From the left of Figure 1, it is easy to see that DFT minimization and single-point energy computations for small molecules are, indeed, rather computationally tractable. However, when moving to the right of Figure 1, and we enter the realm of macrocycles and macromolecular structures, these calculations become infeasible without access to high-performance computing (HPC) facilities. As such, for large molecules, a more computationally tractable approach to compute minimized structures and energetics is required.

Using GFN2-xTB for computationally efficient minimization and single-point energy calculations

In Flare, it is possible to use GFN2-xTB as an alternative theoretical method to structural minimization and computation of ligand energetics. GFN2-xTB is a semiempirical tight-binding method, designed for the fast computation of molecular energies of systems encompassing tens or hundreds of atoms.^2,3 GFN2-xTB is designed to bridge the gap between QM and molecular mechanics (MM) forcefield methods, essentially enabling the modeler to compute molecular structures and energetics with accuracy closer to the former and the computational efficiency of the latter.

The GFN2-xTB calculation method is accessible from the ‘QM’ button under the ‘3D Pose’ tab in Flare (Figure 2).

Figure 2: GFN2-xTB minimization and single-point energy calculations in Flare.

We have the option to carry out both minimization and single-point energy calculation using GFN2-xTB. Alternatively, for increased accuracy, we can construct a hybrid workflow to carry out the minimization at GFN2-xTB level of theory followed by an energy calculation at B3LYP/6-31G(d) level of theory (Figure 3). In this workflow, the most compute-intensive portion of the calculation, the minimization, is computed at a more efficient GFN2-xTB level of theory with the less compute-intensive portion of the calculation, the single-point energy calculation on the minimized structure, performed at the more accurate DFT level of theory.

Figure 3: A hybrid GFN2-xTB//DFT workflow

Figure 3: A hybrid GFN2-xTB//DFT workflow, in which the minimization is performed at GFN2-xTB level of theory, followed by a more accurate single-point energy calculation at DFT level of theory.

The GFN2-xTB calculation workflows outlined in Figure 2 and Figure 3 showcase a computationally tractable method for accurately computing minimized structures and energetics for large ligands that fall to the right of Figure 1.

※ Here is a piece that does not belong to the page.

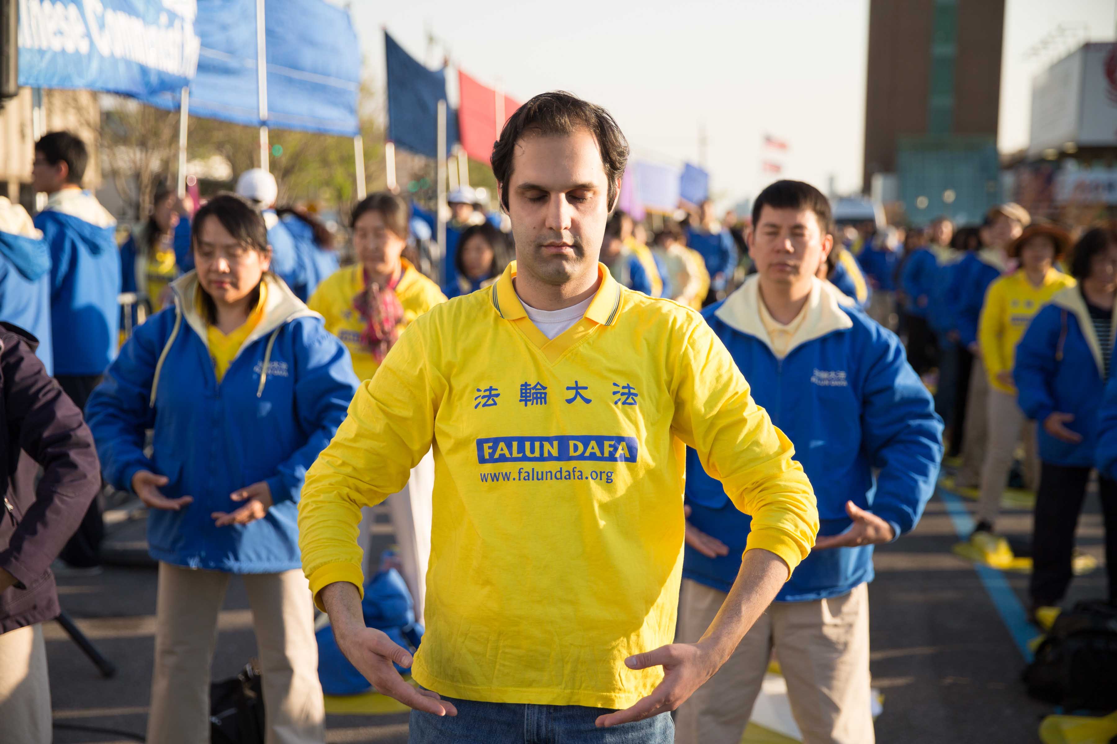 当天前来参加纪念四二五活动的学员除了华人学员外,还有很多西方学员。年轻、帅气的本(Ben)是其中一位。

To exemplify this, we can re-create the compute time vs. molecular weight graph shown in Figure 1, but now using the hybrid GFN2-xTB/DFT workflow outlined in Figure 3. As can be clearly seen in Figure 4, the GFN2-xTB minimization and single-point energy computation time for very large molecules is on the order of minutes and not days when plotted relative to the DFT minimization and single-point energy compute time.

Figure 4: GFN2-xTB//DFT minimization and single-point energy hybrid workflow compute time (mins) as a function of increasing molecular weight (g/mol)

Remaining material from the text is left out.